→ Dataset excerpts
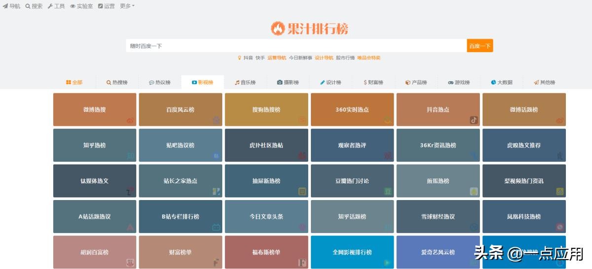 一键式快速查询各类排行榜的网站,囊括了热搜、热议、电影、音乐、摄影、游戏、财富等各大领域的权威排名榜单,可以说几乎能想到的榜单这里都有。虽然站点本身不存储内容,但能通过它来实现各类榜单快速跳转,信息真的很全。
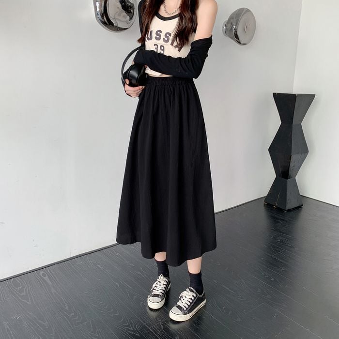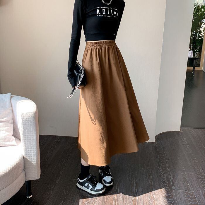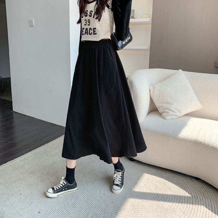 Aラインシルエットのミモレ丈スカート。
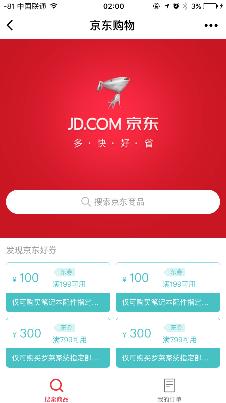 用户的高频使用场景是购物和查看订单。小程序首页默认显示第一个按钮下的内容,只提供了一个非常简易的搜索按钮和一些优惠券;第二个按钮我的订单可以查询相关订单信息。这两个功能恰好满足了用户最核心的使用场景,是非常符合小程序的设计思路的。也就意味着“京东的小程序”更适合那些带有相对明确目标的用户来快速完成一次购物流程,而不适合那些想来“京东上”闲逛的用户。
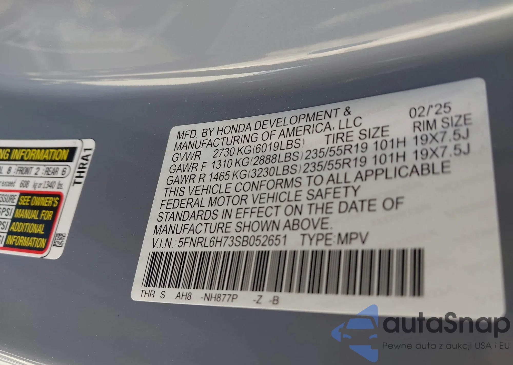 • VIN 5FNRL38748B101508
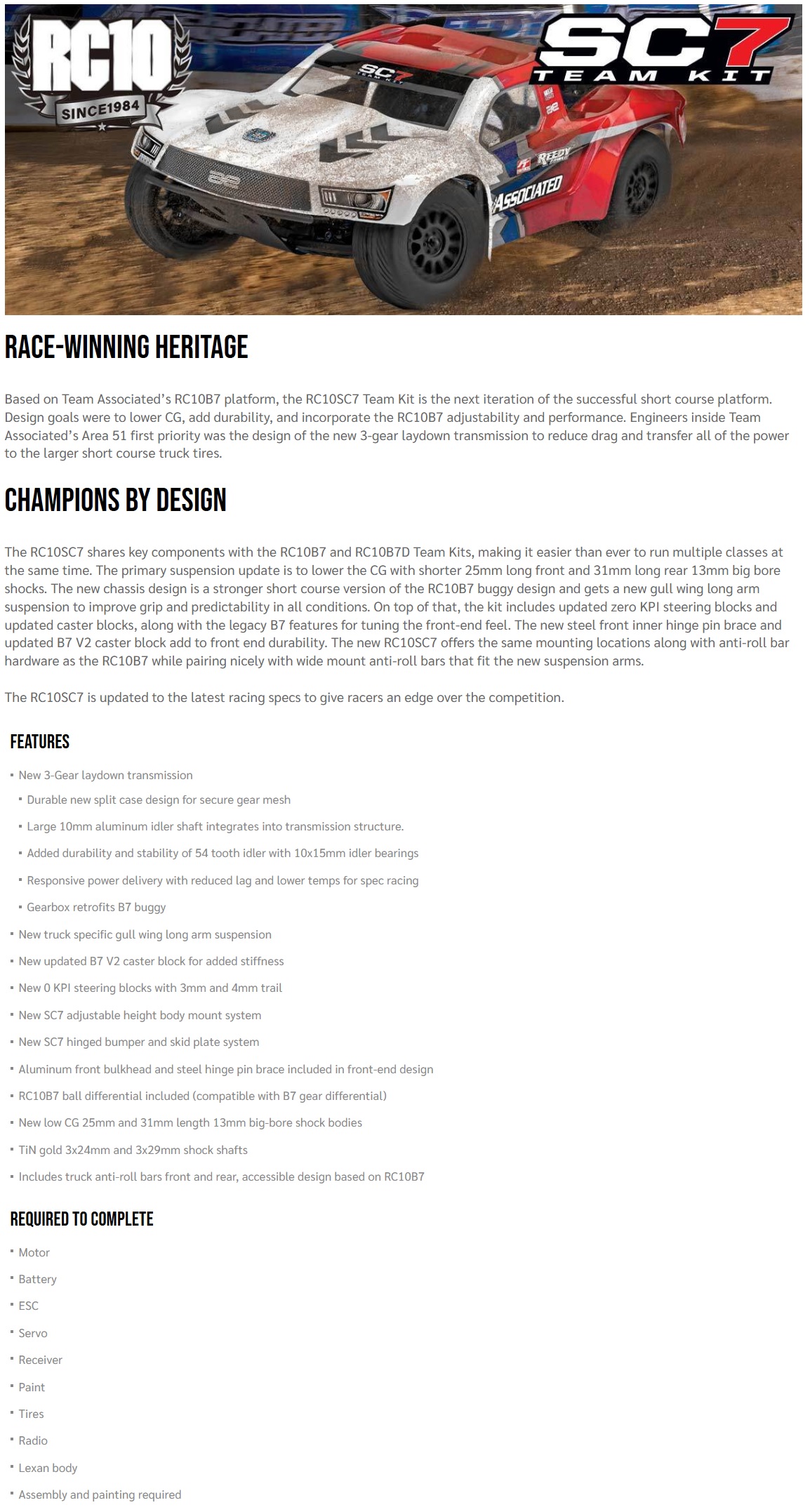 Team Associated RC10SC7 1/10 Off Road Electric 2WD Short Course Truck Team Kit

→ The problem
Could you write out every record exactly, leaving the pictures out?

→ Exercise output
 一键式快速查询各类排行榜的网站,囊括了热搜、热议、电影、音乐、摄影、游戏、财富等各大领域的权威排名榜单,可以说几乎能想到的榜单这里都有。虽然站点本身不存储内容,但能通过它来实现各类榜单快速跳转,信息真的很全。
 Aラインシルエットのミモレ丈スカート。
 用户的高频使用场景是购物和查看订单。小程序首页默认显示第一个按钮下的内容,只提供了一个非常简易的搜索按钮和一些优惠券;第二个按钮我的订单可以查询相关订单信息。这两个功能恰好满足了用户最核心的使用场景,是非常符合小程序的设计思路的。也就意味着“京东的小程序”更适合那些带有相对明确目标的用户来快速完成一次购物流程,而不适合那些想来“京东上”闲逛的用户。
 • VIN 5FNRL38748B101508
 Team Associated RC10SC7 1/10 Off Road Electric 2WD Short Course Truck Team Kit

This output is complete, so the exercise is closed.